We obtained SNO-modified cysteine data sets for wild-type and S-nitrosoglutathione reductase knockout mouse hearts (S-nitrosoglutathione reductase is a negative regulator of S-nitrosoglutathione production) and nitric oxide-induced human embryonic kidney cell using 2 labeling reagents: the cysteine-reactive pyridyldithiol and iodoacetyl based tandem mass tags. Comparison revealed that <30% of the SNO-modified residues were detected by both tags, whereas the remaining SNO sites were only labeled by 1 reagent. Characterization of the 2 distinct subpopulations of SNO residues indicated that pyridyldithiol reagent preferentially labels cysteine residues that are more basic and hydrophobic. On the basis of this observation, we proposed a parallel dual-labeling strategy followed by an optimized proteomics workflow. This enabled the profiling of 493 SNO sites in S-nitrosoglutathione reductase knockout hearts.
Using a protocol comprising 2 tags for dual-labeling maximizes overall detection of SNO by reducing the previously unrecognized labeling bias derived from different cysteine subpopulations.

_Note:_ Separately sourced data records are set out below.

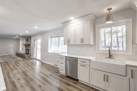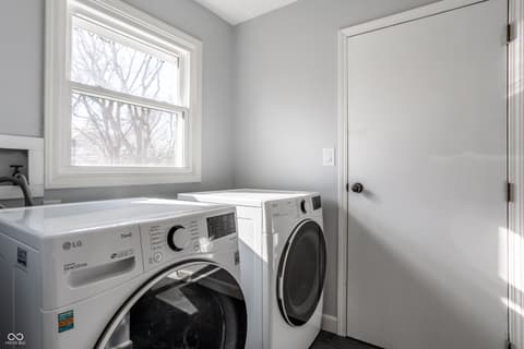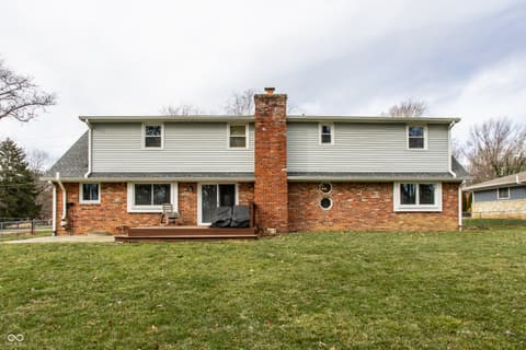 UPDATED 4 bedroom home in Carmel!! Main floor owner's suite with connecting full bath plus three spacious bedrooms upstairs. Newer vinyl plank flooring throughout (except owner's suite)! Recently updated/remodeled kitchen with new cabinets, solid surface counters and stainless steel appliances! Convenient drawer microwave oven! Recessed LED lighting! Beautiful spacious fenced backyard with wood deck, patio area and mature trees! Newer vinyl windows and sliding glass door! Other updates include roof 2021, windows replaced 2022, A/C 2024, furnace 2017 with recent new blower motor, water heater 2022, interior doors and hardware, updated/remodeled owner's bathroom. Refrigerator, gas range/oven, washer and dryer included! Two closets in every bedroom! Very convenient upstairs attic access for storage! Fireplace decorative only.
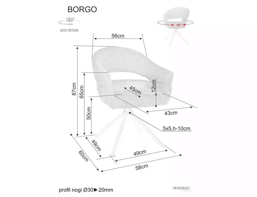 Кресло БОРГО е израз на модерен стил и комфорт, създадено да впечатлява с визия и функционалност. Конструкцията е изработена от метал, което гарантира здравина и устойчивост при интензивна употреба. Седалката е с елегантна форма и пълнеж от пяна, осигуряващ мекота и удобство при сядане. Тапицирана е с мек текстил, който е не само приятен на допир, но и лесен за поддръжка. Благодарение на вградения въртящ механизъм, креслото се завърта до 180° и се връща плавно в изходна позиция – практично допълнение за всекидневната, офиса или чакалнята.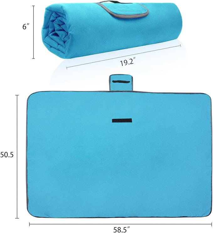 - PACKABLE & PORTABLE- It’s also easily foldable and packable, this compact waterproof throw blanket can be simply rolled up into a handled roll secured by a heavy-duty fastener, which is super easy to store.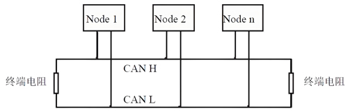 CAN网络采用直线拓扑结构,总线最远的2个终端需要安装120Ω的终端电阻;如果节点数目大于2,中间节点不需要安装120Ω的终端电阻。对于分支连接,其长度不应超过3米。CAN总线的连接如图3.1所示。

S-亚硝基化(SNO)是半胱氨酸残基的一种氧化后修饰,可响应心脏氧化还原环境的变化。经典的生物素转换法及其衍生方法是检测SNO最常用的方法。在这种方法中,不稳定的SNO基团被选择性地替换为单个稳定标签。迄今为止,已引入了多种硫醇反应性标签。然而,这些方法尚未产生一致的数据集,这表明单个标签的捕获不完整,并且可能存在不同的半胱氨酸亚群。
研究现有单标签检测SNO方法中潜在的标记偏差,探索是否存在不同的半胱氨酸亚群,然后制定一种策略以最大化SNO蛋白质组的覆盖范围。
我们使用两种标记试剂获得了野生型和S-亚硝基谷胱甘肽还原酶基因敲除小鼠心脏(S-亚硝基谷胱甘肽还原酶是S-亚硝基谷胱甘肽产生的负调节因子)以及一氧化氮诱导的人胚肾细胞的SNO修饰半胱氨酸数据集:半胱氨酸反应性吡啶二硫醇和基于碘乙酰基的串联质量标签。比较发现,两种标签仅检测到不到30%的SNO修饰残基,而其余的SNO位点仅被一种试剂标记。对SNO残基的两个不同亚群的表征表明,吡啶二硫醇试剂优先标记碱性和疏水性更强的半胱氨酸残基。基于这一观察结果,我们提出了一种并行双标记策略,随后是优化的蛋白质组学工作流程。这使得能够对S-亚硝基谷胱甘肽还原酶基因敲除心脏中的493个SNO位点进行分析。
使用包含两种标签的双标记方案,通过减少先前未识别的来自不同半胱氨酸亚群的标记偏差,可最大化SNO的整体检测。